From ce0c427f5774db22b4719b01fd09a83424ac0b32 Mon Sep 17 00:00:00 2001
From: hahuyhoang411 <hahuyhoanghhh41@gmail.com>
Date: Fri, 1 Mar 2024 13:24:24 +0700
Subject: [PATCH] add: using nitro documentation section

---
 docs/blog/rag-is-not-enough.md | 16 ++++++++++++++--
 1 file changed, 14 insertions(+), 2 deletions(-)

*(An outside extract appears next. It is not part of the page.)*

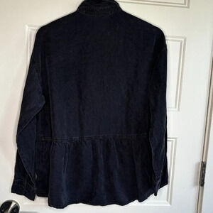 This is a universal black button up blouse with a skirt waist. It looks great when it’s opened up as a jacket with a top underneath as pictured or can be used as a regular top.

diff --git a/docs/blog/rag-is-not-enough.md b/docs/blog/rag-is-not-enough.md
index 0b8ae8492..df221d2a2 100644
--- a/docs/blog/rag-is-not-enough.md
+++ b/docs/blog/rag-is-not-enough.md
@@ -51,7 +51,7 @@ Mistral alone has known, poor math capabilities, which we needed for our highly
 
 We found model merging to be a viable approach where each iteration is cost-effective + fast to deploy.
 
-We ended up with [Stealth](https://huggingface.co/jan-hq/stealth-v1.3), a [SLERP](https://github.com/Digitous/LLM-SLERP-Merge) merge of Mistral with the following:
+We ended up with [Stealth v1.1](https://huggingface.co/jan-hq/stealth-v1.1), a [SLERP](https://github.com/Digitous/LLM-SLERP-Merge) merge of Mistral with the following:
 
 - [WizardMath](https://huggingface.co/WizardLM/WizardMath-7B-V1.1) for its math capabilities
 - [WizardCoder](https://huggingface.co/WizardLM/WizardCoder-Python-7B-V1.0) for its coding capabilities
@@ -65,4 +65,16 @@ Merging different LLMs can lead to the mixed answering style because each model
 
 Thus, we applied Direct Preference Optimization ([DPO](https://arxiv.org/abs/2305.18290)) using the [Intel's Orca DPO pairs](https://huggingface.co/datasets/Intel/orca_dpo_pairs) dataset, chosen for its helpful answering style in general, math and coding concentration.
 
-This approach allowed us to have a final model, with minimal loss, and realign to our technical preferences.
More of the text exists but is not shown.